How to remove the word by regular expressions? Topic is solved

Get help with using AutoHotkey (v2 or newer) and its commands and hotkeys
hancre
Posts: 251
Joined: 02 Jul 2021, 20:51

How to remove the word by regular expressions?

Post by hancre » 31 Mar 2024, 22:06

This following code removes only english words and doesn't work for the non-english words such as 시작, こんにちは, 時作 é è ? ! ".

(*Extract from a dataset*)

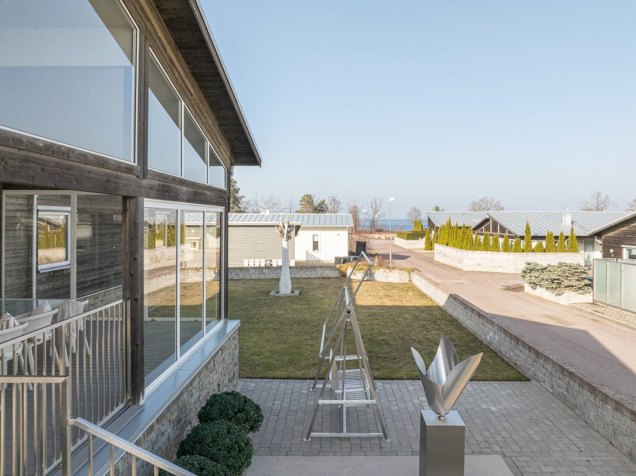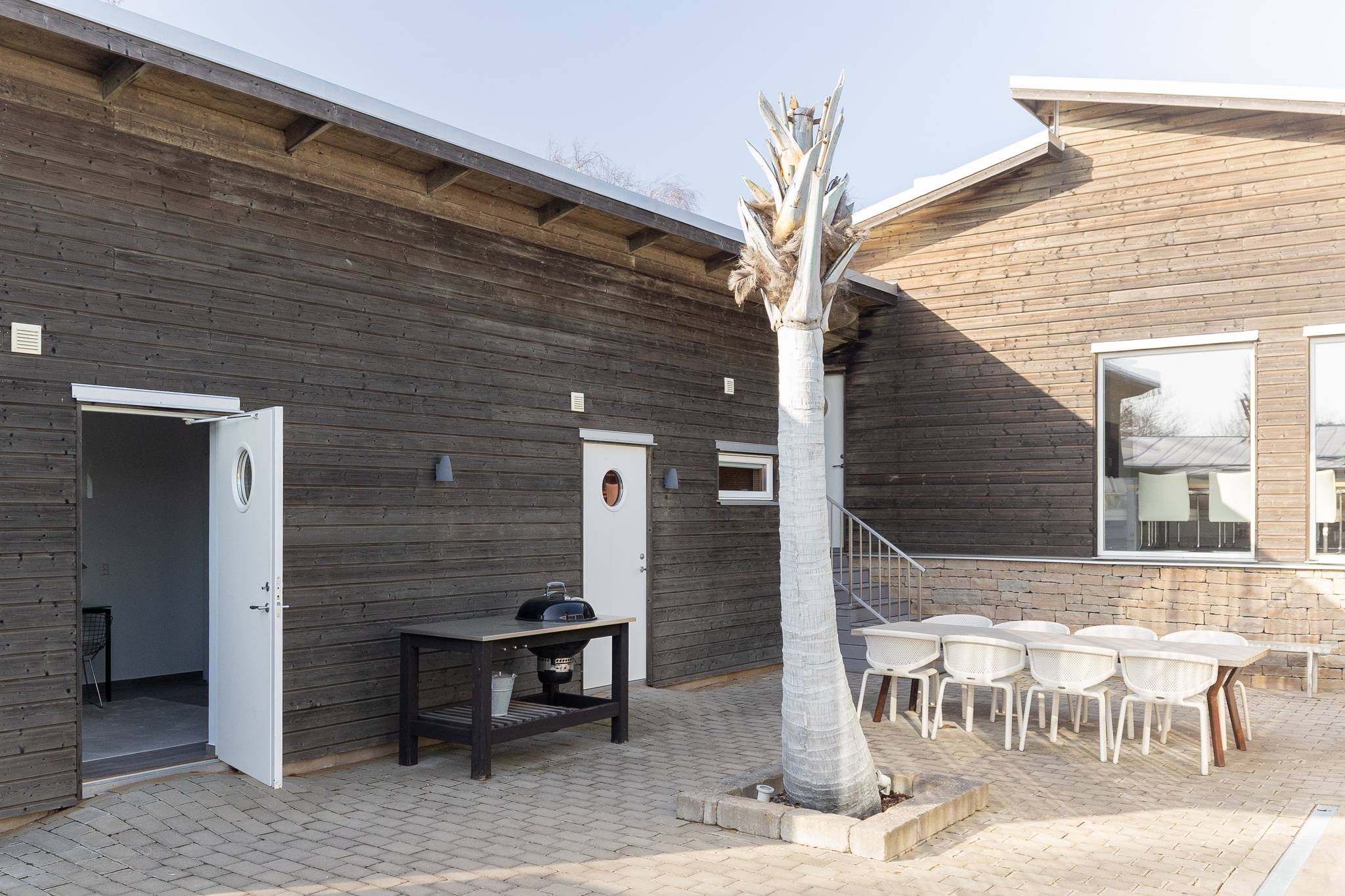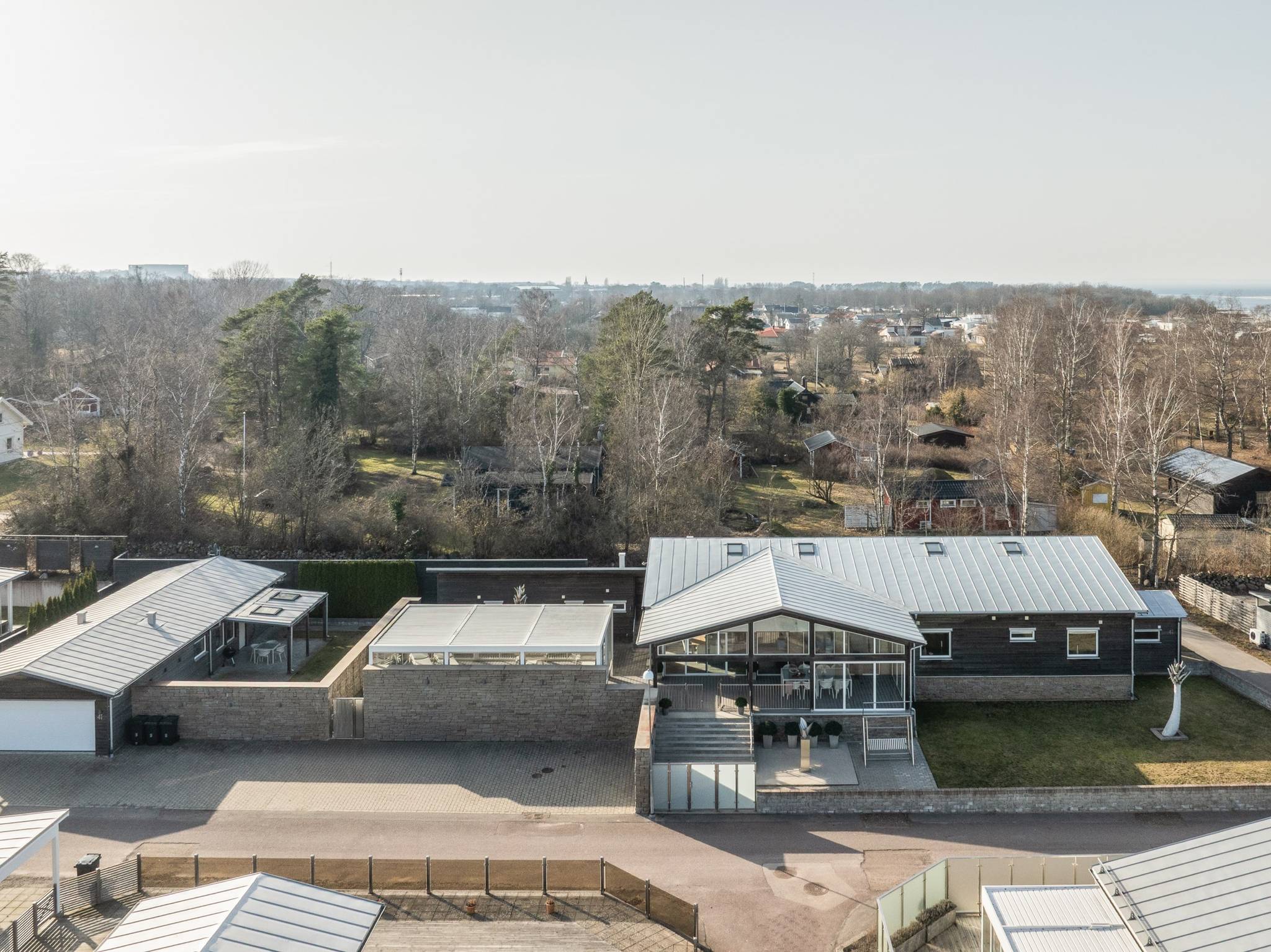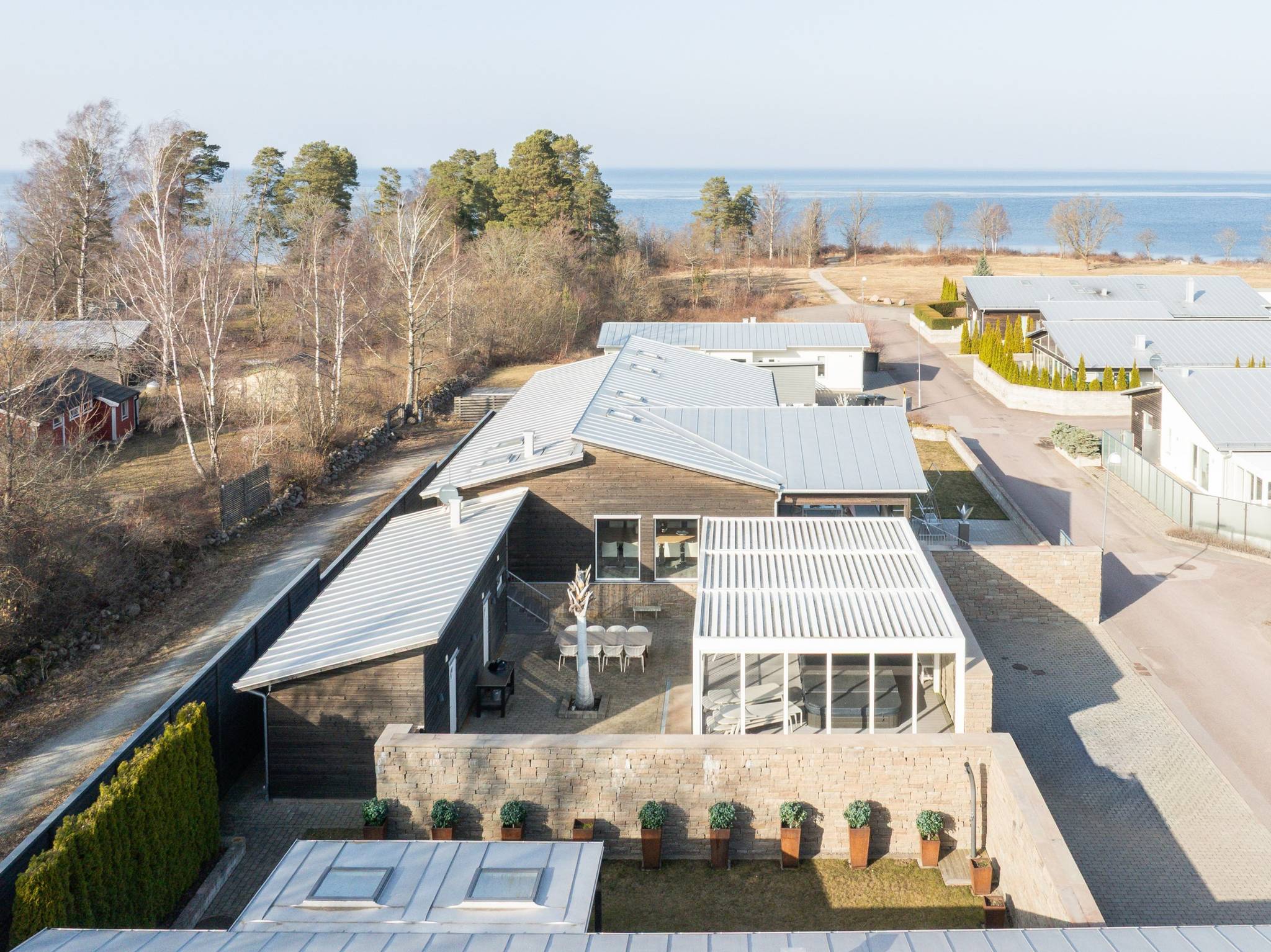 På fyra sammanlagda fastigheter i eftertraktade Björkviken har ett hem vuxit fram som närmast kan beskrivas som ett eget litet kvarter. Här breder cirka 440 kvadratmeter byggnader ut sig – med ett generöst bostadshus om cirka 235 kvm kompletterat av gästhus om cirka 60 kvm samt ytterligare omkring 140 kvm biarea i form av bastuhus, gästrum och ett stort dubbelgarage. Arkitekturen är självsäker och genomtänkt där material och proportioner knyter an till Ölands landskap. Murar av öländsk kalksten delar upp tomten i olika rum och skapar en utemiljö med både struktur och integritet – något som ger platsen en nästan medelhavslik karaktär. I bostadshuset möts man av generösa sällskapsytor där ljuset strömmar in genom stora glaspartier och ger en luftig och öppen känsla genom rummen. Här finns fyra sovrum – samtliga med egna badrum en suite – samt en separat gästtoalett, vilket gör huset lika väl anpassat för familjeliv som för större middagar och besök av gäster. Från den stora uteplatsen, med gott om plats för ett generöst matbord, öppnar sig vyerna över Kalmarsund där kvällssolen dröjer sig kvar över vattnet. Här kan middagarna gärna bli långa medan ljuset sakta sjunker bakom horisonten. Den mekaniska pergolan skapar en flexibel utemiljö och intill väntar ett stort swimspa som förlänger badsäsongen långt in på året. Fastigheten erbjuder även ett stort dubbelgarage samt uppställningsplats för ytterligare flera bilar – praktiskt när huset fylls av familj och vänner. Helheten ger känslan av ett privat retreat där både arkitektur och omgivning samspelar. Björkviken, strax utanför Borgholm, tillhör några av Ölands mest eftertraktade områden. Här möts öppna landskap, havets närvaro och den speciella stillhet som gjort ön så älskad i generationer. Naturen är ständigt närvarande – med kuststräckor, vandringsleder och cykelvägar som bjuder in till morgonpromenader och kvällsturer i solnedgången. Läget är dessutom idealiskt placerat mellan Borgholm och Köpingsvik. På några minuter når du Borgholms restauranger och caféer där gourmetmat och stadsliv möter sommarkvällarnas puls, samtidigt som Köpingsvik erbjuder några av Ölands mest uppskattade badstränder och en levande kvällsstämning under sommaren. Samtidigt ligger allt detta på ett behagligt avstånd från hemmets lugn. Kombinationen av natur, hav, närhet till stadsliv och den generösa fastigheten gör detta till ett boende som är svårt att jämföra med något annat på Öland.57 images

How can I remove all letters and special characters(? ! " .) Thanks for any help in advance.

Code: Select all

; case-sensitive
MyMenu := Menu()
MyMenu.Add '1. Remove inputword', RemoveWord


Capslock & f:: {     
    global IB, textClipboard
    IB:='',  textClipboard:= ''
    A_Clipboard := ''
    Send('^c')
    if (ClipWait(1))    {
        textClipboard := A_Clipboard
        txt := SubStr(textClipboard, 1, 65)
        IB := InputBox('Clipboard:`n' txt '`n`nEnter text to change.', 'Change text', 'w530 h150')
        if (ib.Result = 'OK' && ib.Value != '')
            MyMenu.Show
            Send('^v')
    }  else  {
        MsgBox 'An error occurred while waiting for the clipboard.', 'Error', 'Icon!'
    }
}


RemoveWord(ItemName, ItemPos, MyMenu) {
  A_Clipboard := RegExReplace(A_Clipboard, '\b' ib.Value '\b\h*', "") 
   }
    

User avatar
boiler
Posts: 17387
Joined: 21 Dec 2014, 02:44

Re: How to remove the word by regular expressions?

Post by boiler » 31 Mar 2024, 23:46

Do you mean you want to remove everything but numbers?

hancre
Posts: 251
Joined: 02 Jul 2021, 20:51

Re: How to remove the word by regular expressions?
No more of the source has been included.